In different cities of the world, different predictive modeling techniques have been used to predict PM10 in advance. However, the use of MLR with stepwise inclusion of input variable was found to be the most widely used tool for temporal prediction of PM10 in different urban areas of India, and that too mostly applied in bigger cities of the country (Table S2). This study found that the next day’s PM10 concentrations, in a tier-II city Guwahati, can be better forecasted using non-linear algorithm MLP with FFBN topologies of ANN class in comparison to linear MLR and non-linear CART model. These three models were critically assessed through a comparative evaluation of performance indicators keeping in mind the end goal is to choose the best-fitted model for accurate forecasting PM10 at the city level. The result of the study reveals that the one day ahead PM10 for all the six-air quality monitoring stations of Guwahati, prediction ability has been relatively better using MLP methods (R2=0. 0.64-0.69; IA=0.88-0.95) and with smallest errors (NAE=0.15-0.22; MAE=16-26.11; MSE=497.86-1408.45; and RMSE=22.31-37.53 in comparison to its closest performer MLR method (R2=0.61-0.68; IA=0.87-0.90; NAE=0.20-0.23; MAE=21.37-26.26; MSE=859.23-1461.48; and RMSE=29.31-38.23). It is interesting to note that CART as predictive method for one day ahead PM10 were close to MLR but not equal in terms of model evaluation indicators with R2=0.52-0.63; IA=0.84-0.88; NAE =0.21-0.26; MAE =21.97-27.35; MSE = 922.12-1700.95; and RMSE=30.37-41.24. The relatively low R2 value is quite common in the case of time series dependent nonlinear atmospheric variables with their known confounding effects.

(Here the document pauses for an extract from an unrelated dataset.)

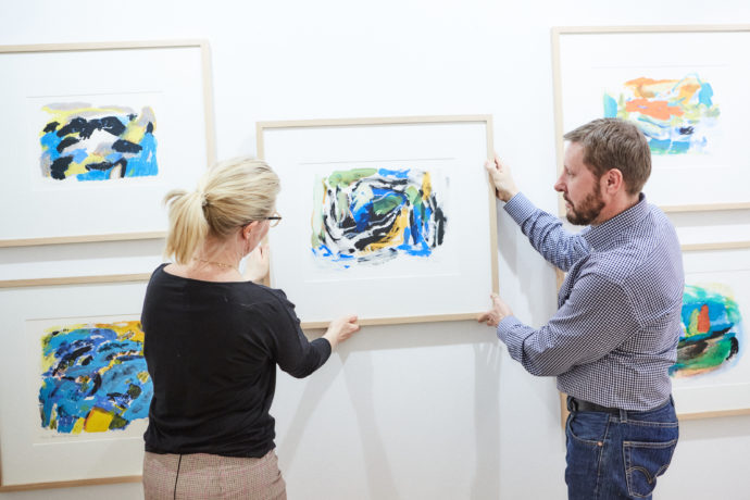 Sammen med Nesjars egen datter, Gro Nesjar Greve, og daglig leder for Kunstsentrene i Norge, Merete Hovdenak, er Morken i full gang med monteringen av utstillingen som skal markere kunstnerens 100-årsjubileum.
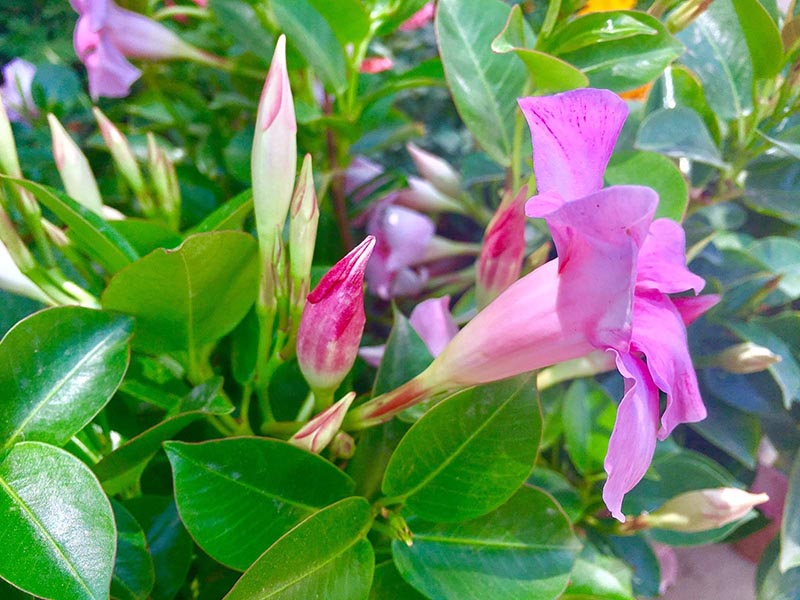 飘香藤的花瓣为腋生,花冠展现型管形,色调较多而且富有转变,主要有红色、桃红色、金红色,粉红色。开花较为繁茂。

An attempt was made to further validate the predictive performance of the MLP model with respect to the observed PM10 data of the (STN6_193) NAMP monitoring station of Guwahati beyond the period of collected data ( January-March, 2019) used in developing the MLP model. The predicted PM10 concentrations obtained using MLP model have been matched with the same period’s actual data. Fig. S4 shows that the MLP model performed well for the post-study period as well and the model performance indicators (R2=0.69, IA=0.89, NAE=0.07, MAE=13.02, MSE=287.95 and RMSE=16.97) were also in line with the original model (Table S5).

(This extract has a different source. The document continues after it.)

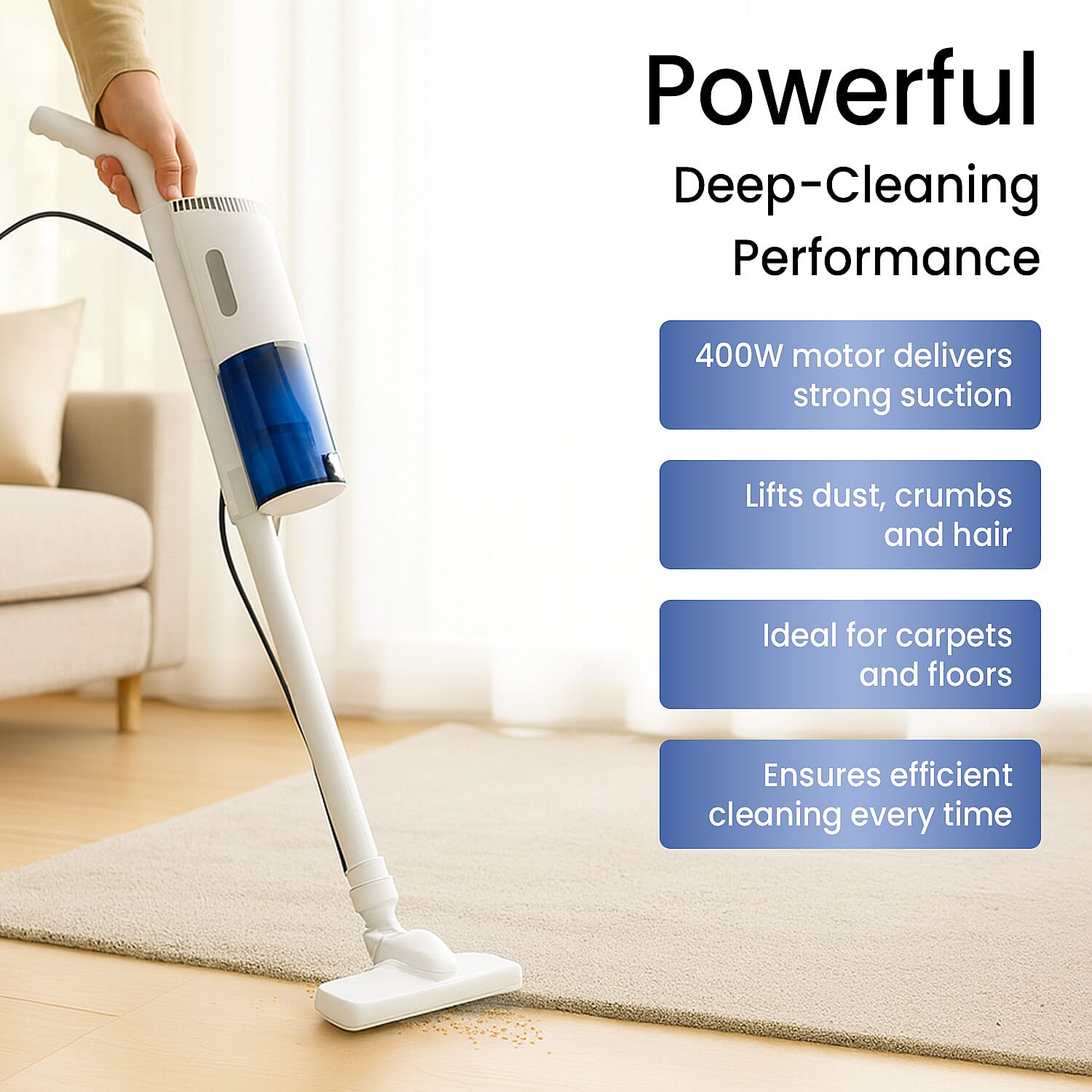 Handheld Vacuum Cleaner with Dust Tank Storage Capacity and HEPA Filter (400W) - White

In the backdrop of CPCB’s acknowledgment that comparatively smaller tier-II cities are also facing severe air pollution, city authorities are contemplating initiating several steps for curtailing air pollution and health hazards thereof. We recommend the local authority to use the non-linear algorithm MLP (ANN) with FFBN topologies for forecasting PM10 concentration in the smaller Indian cities like Guwahati too for avoiding PMinduced health hazards to a great extent. ‘Predict pollution and defeat concentration’ could be another approach to fight the air pollution menace in addition to the odd-even rule, which few Indian cities are enforcing presently to rein on air pollution through curtailment of vehicular pollution. The advance prediction approach seems to be more applicable to Guwahati city as this study found PM10 concentration built up had a positive correlation with gaseous pollutants and hence likely to have a common source, i.e., vehicular pollution. Moreover, with this model, the local SPCB authorities can caution city dwellers of impending dangerous levels of PM10, so that they can lessen their outdoor activities for those days and thereby avoiding exposure to unhealthy levels of air quality.


Notes
* Indian government classification of cities based on their population as tier-I, tier-II, and tier-III.

Acknowledgments

This study was supported by the Graduate School Thesis Grant, Chulalongkorn University, Bangkok, Thailand. The authors also thank the State Pollution Control Board, Assam, and Regional Meteorological Department, Guwahati, for air pollution and meteorological information, respectively.


References
1. Abdullah, S., Ismail, M., Ahmed, A.N., Abdullah, A.M. (2019) Forecasting Particulate Matter Concentration Using Linear and Non-Linear Approaches for Air Quality Decision Support. Atmosphere, 10, 667.
2. Agarwala, S., Sharma, S., Suresh, R., Rahman, M.H., Vranckx, S., Maiheu, B., Blyth, L., Janssen, S., Gargava, P., Shukla, V.K., Batra, S. (2020) Air quality forecasting using artificial neural networks with real time dynamic error correction in highly polluted regions. Science of the Total Environment, 735, 139-454.
3. Apte, J.S., Marshall, J.D., Cohen, A.J., Brauer, M. (2015) Addressing global mortality from ambient PM2.5. Environmental Science and Technology, 49(13), 8057-8066.
4. Barman, N., Gokhale, S. (2019) Urban black carbon-source apportionment, emissions and long-range transport over the Brahmaputra River Valley. Science of the Total Environment, 693, 133577.
5. Bhardwaj, R., Pruthi, D. (2020) Evolutionary techniques for optimizing air quality model. Procedia Computer Science, 167, 1872-1879.
6. Bishop, C.M. (1995) Neural Networks for Pattern Recognition, Oxford Univ. Press: Oxford, NY, USA, 1995; ISBN 978-0-19-853864-6.
7. Cabaneros, S.M., Calautit, J.K., Hughes, B.R. (2019) A review of artificial neural network models for ambient air pollution prediction. Environmental Modelling and Software, 119, 285-304.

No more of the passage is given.